È qualcosa di molto più grande, che appartiene al modo di stare insieme di una vera comunità democratica come il nostro partito – che non trova molti simili – capace di discutere, di interrogarsi, di leggere il tempo storico in cui si trova, di dare risposte all’altezza della sfida, e di fare sintesi anche partendo da posizioni diverse.

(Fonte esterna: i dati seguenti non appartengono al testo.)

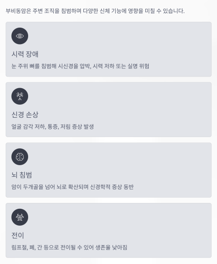 | 시력 장애 | 눈 주위 뼈를 침범해 시신경을 압박, 시력 저하 또는 실명 위험 |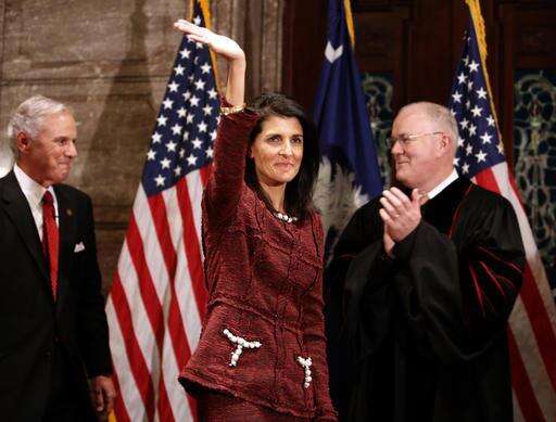 Former South Carolina Governor and current ambassador to the United Nations, Nikki Haley, in middle, waves to the crowd after current Governor Henry McMaster, at left, was sworn in by S.C. Chief Justice Don Beatty during a ceremonial swearing in at the Statehouse Tuesday Jan. 24, 2017, in Columbia, S.C. Haley resigned as governor after she became ambassador to the United Nations. (AP Photo/Mic Smith) The Associated Press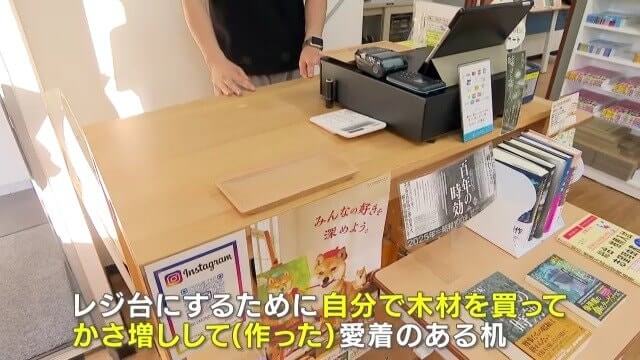 「これは、私が小学生の頃から使っていた学習机。書店のレジ台にするために、自分で木材を買ってかさ増しして(作った)愛着のある机」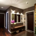 Det er nødvendigt at være opmærksom på korridoren. I et rum, der mangler naturligt lys, skal du bruge væglamper, lampetter og lysekroner. Yderligere belysningsarmaturer vil tilføje hygge til rummet såvel som visuelt udvide den smalle korridor. En meget vigtig detalje er vægspejlet. Takket være refleksioner skabes illusionen om et rum, der strækker sig ned i dybet, hvilket også tilføjer lys.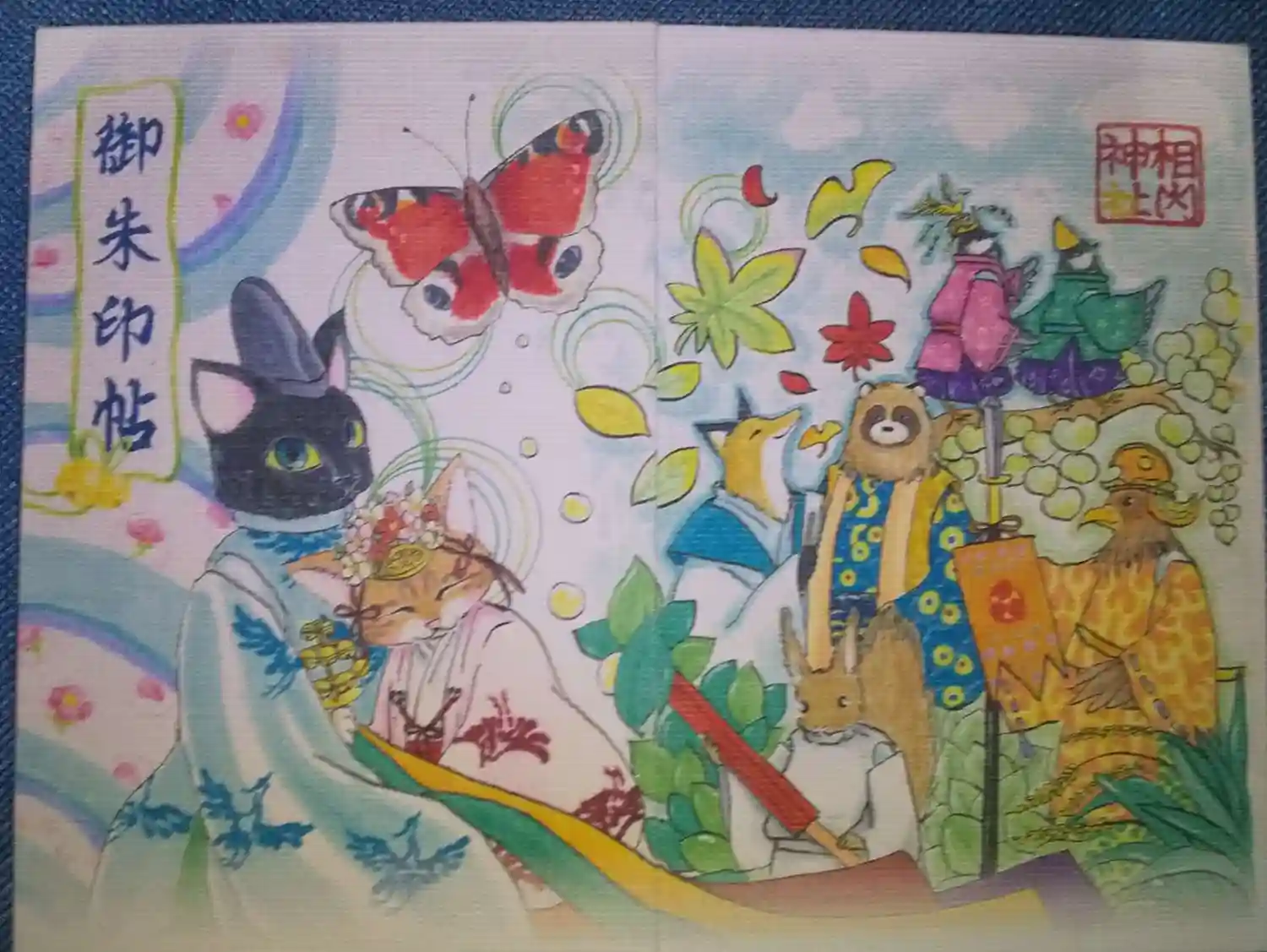 《御朱印帳》4面に連なる御朱印がお書き入れ済。右側には神社に縁のある鳥達。左側の猫ちゃんは社務所の黒&トラちゃんと思われます。織り生地なのか風合いも素敵。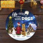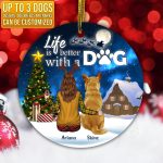Let’s Shop Life Is Better With Dogs Personalized Dog Christmas Circle Ornament Keepsake – Christmas Gifts For Dog Lovers!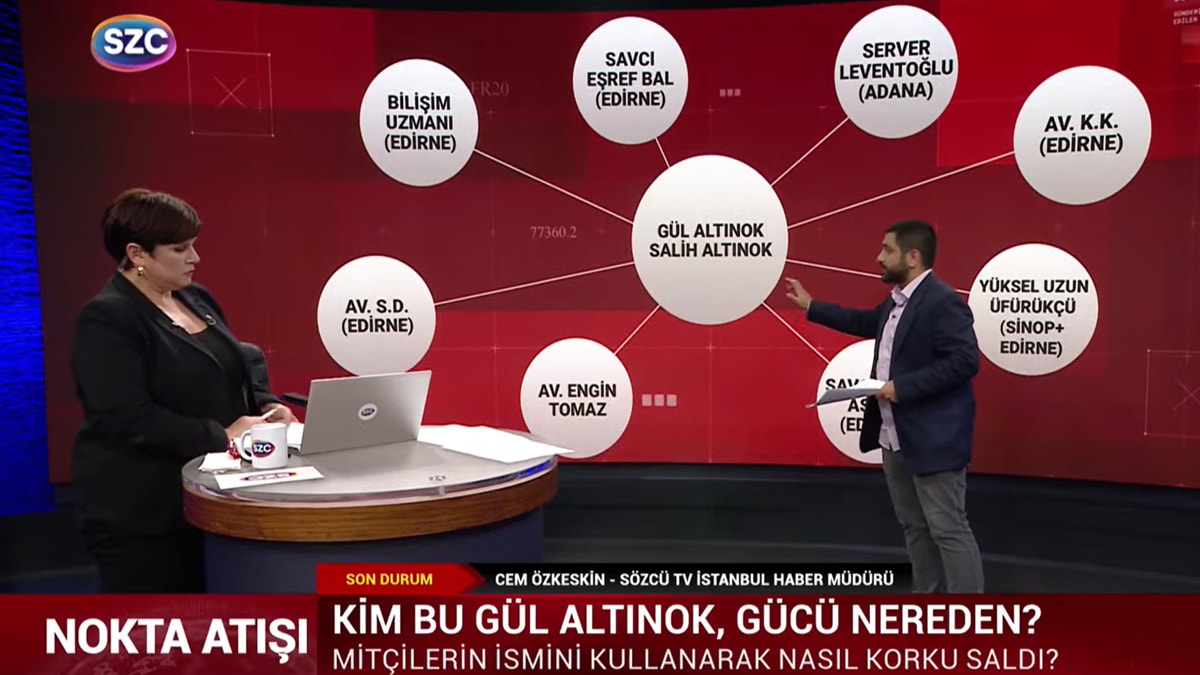 Yüksek yargıdaki yasak aşk skandalının perde arkasında neler var? Yargıda oluşan rüşvet çarkına sadece FETÖ borsası mı dahil? Hakime Gül Altınok kimlerin dosyası için rüşvet teklifinde bulundu? Altınok'la hukuki mücadele verenlerin başına neler geldi? Gül Altınok devlet içerisinden kimlerin ismini kullanarak ayrıcalık elde etti? İpek Özbey, Nokta Atışı'nda sordu; SÖZCÜ Televizyonu İstanbul Haber Müdürü Cem Özkeskin anlattı…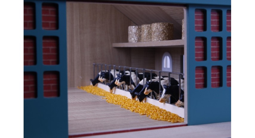 Step into a world of imaginative farm play with this meticulously crafted 1:32 scale wooden farmhouse and cow stable. The charming farmhouse features a classic red brick exterior, complete with a door and realistic windows. The front opens fully, providing easy access to the space inside, including a staircase that leads up to the attic. Inside the cow stable, you’ll find spacious cattle stalls with metal feeding rails, a hayloft storage area, and sliding doors that allow tractors and trailers to enter with ease. The open design by lifting up the roof provides full visibility for convenient access, making it perfect for arranging cows, farm equipment, and accessories. Crafted with durable wood, this farmhouse with the cow stable attached provides authentic finishes. This barn is ideal for collectors and young farm enthusiasts alike, offering a perfect combination of durability, realism, and interactive play. Compatible with 1:32 scale tractors, trailers, and animal figurines, this barn creates the ultimate farm experience.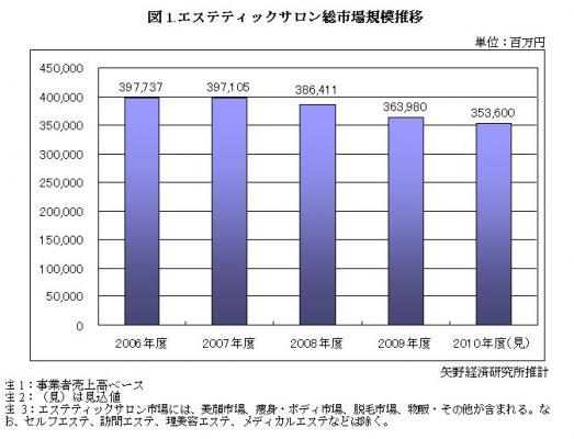 2010年度のエステティックサロン総市場規模は、前年度比97.1%の3,536億円と見込む。長引く景気後退の影響を受けて、来店サイクルの長期化や客単価の減少が進んだことに加え、他のリラクゼーション関連市場や美容関連市場との競争激化、規制強化による信販問題などの要因から、市場縮小が進んでいる。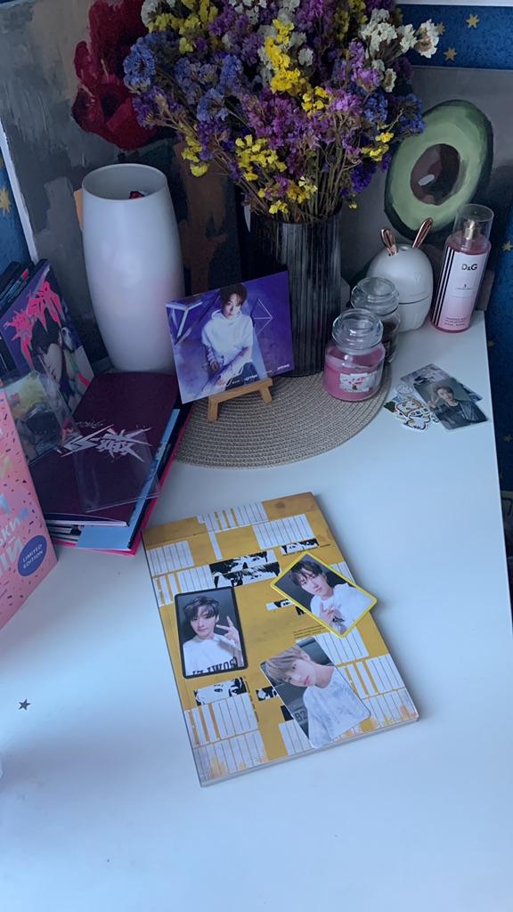 Album je skvelý, som spokojný) prisla na Ukrajinu asi za 3 tyzdne, bola dobre zabalena, nikde neposkodena, poslana novou postou, ako darcek bola teplovzdušná pištoľ🤭 vylosovali sa skvelé karty, presne to, čo Minhovi chýbalo🤧 Bini a Hyunjin sú trochu zlepení, majú stopy, ale to už nie je prekvapujúce, u starých albumov je to bežná vec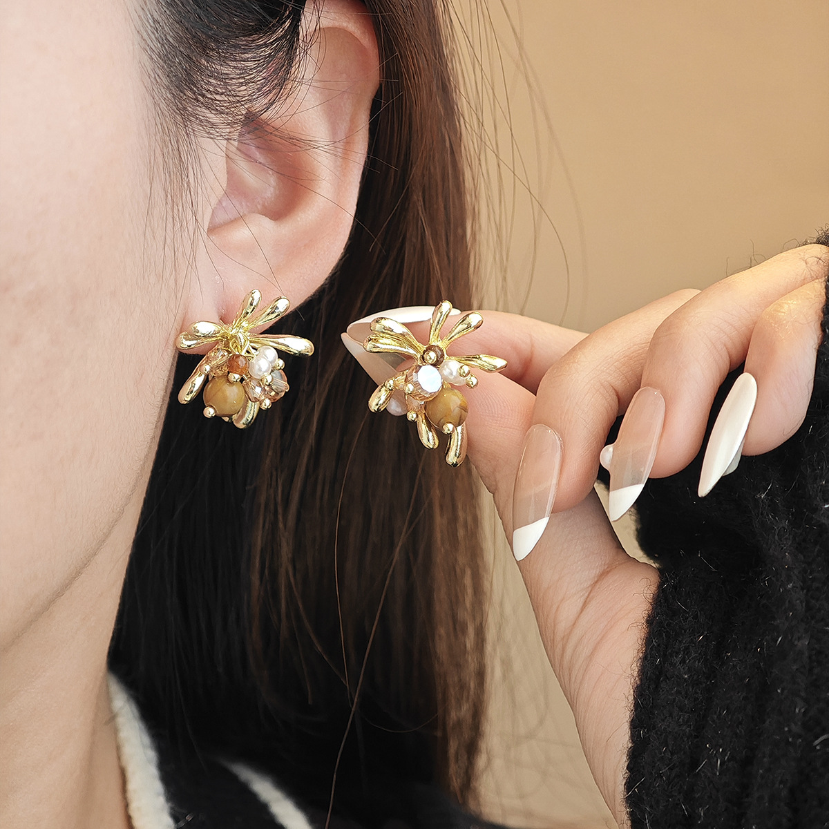 Silver Needle Autumn and Winter French Coffee Color Melard Earrings Ins Style Versatile Artistic Retro Fashion Stud Earrings for Women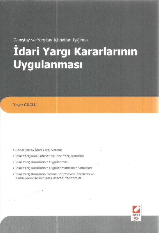 İDARİ YARGI KARARLARININ UYGULANMASI, YAŞAR GÜÇLÜ tarafından kaleme alınmıştır. Kitap 2010 yılında SEÇKİN YAYINCILIK tarafından [ANKARA] yayınlanmıştır. 272 sayfadır. İDARİ YARGI KARARLARININ UYGULANMASI adlı eser Türkçe dilindedir.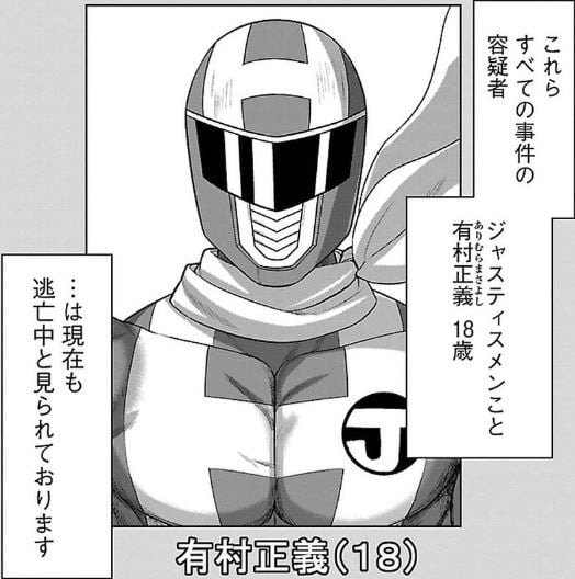 ジャスティスメンこと有村正義は、大量殺人の容疑者として指名手配された。

E il tempo che viviamo è un tempo nuovo. Non è il tempo delle curve dei tifosi, non è il tempo del bianco contro il nero, non è il tempo delle semplificazioni. Il mondo sta cambiando con una rapidità che fino a ieri sarebbe stata impensabile. Quel sistema multilaterale che garantiva un equilibrio oggi non c’è più. Hanno ripreso quota le pretese territoriali. L’Europa rischia di essere schiacciata tra potenze che giocano partite sempre più aggressive. L’ombrello di sicurezza che per decenni ha protetto il nostro continente e ha garantito pace, stabilità e crescita, oggi non è più una certezza. L’America ha fatto una scelta: ha scelto di guardare altrove, ha scelto di rivedere il suo ruolo, e oggi l’Europa si trova di fronte a una responsabilità storica.

E come ha detto Romano Prodi: “L’Europa reagisce dinanzi al pericolo e propone un piano per la propria salvaguardia”. Questo è il nodo della questione. Non si tratta di aderire a una logica di riarmo (termine che non condivido) fine a sé stessa. Non si tratta di accettare un destino già scritto. Si tratta di assumersi la responsabilità di costruire un percorso che permetta all’Europa di camminare sulle proprie gambe. Si tratta di essere protagonisti della nostra storia, invece che subirla.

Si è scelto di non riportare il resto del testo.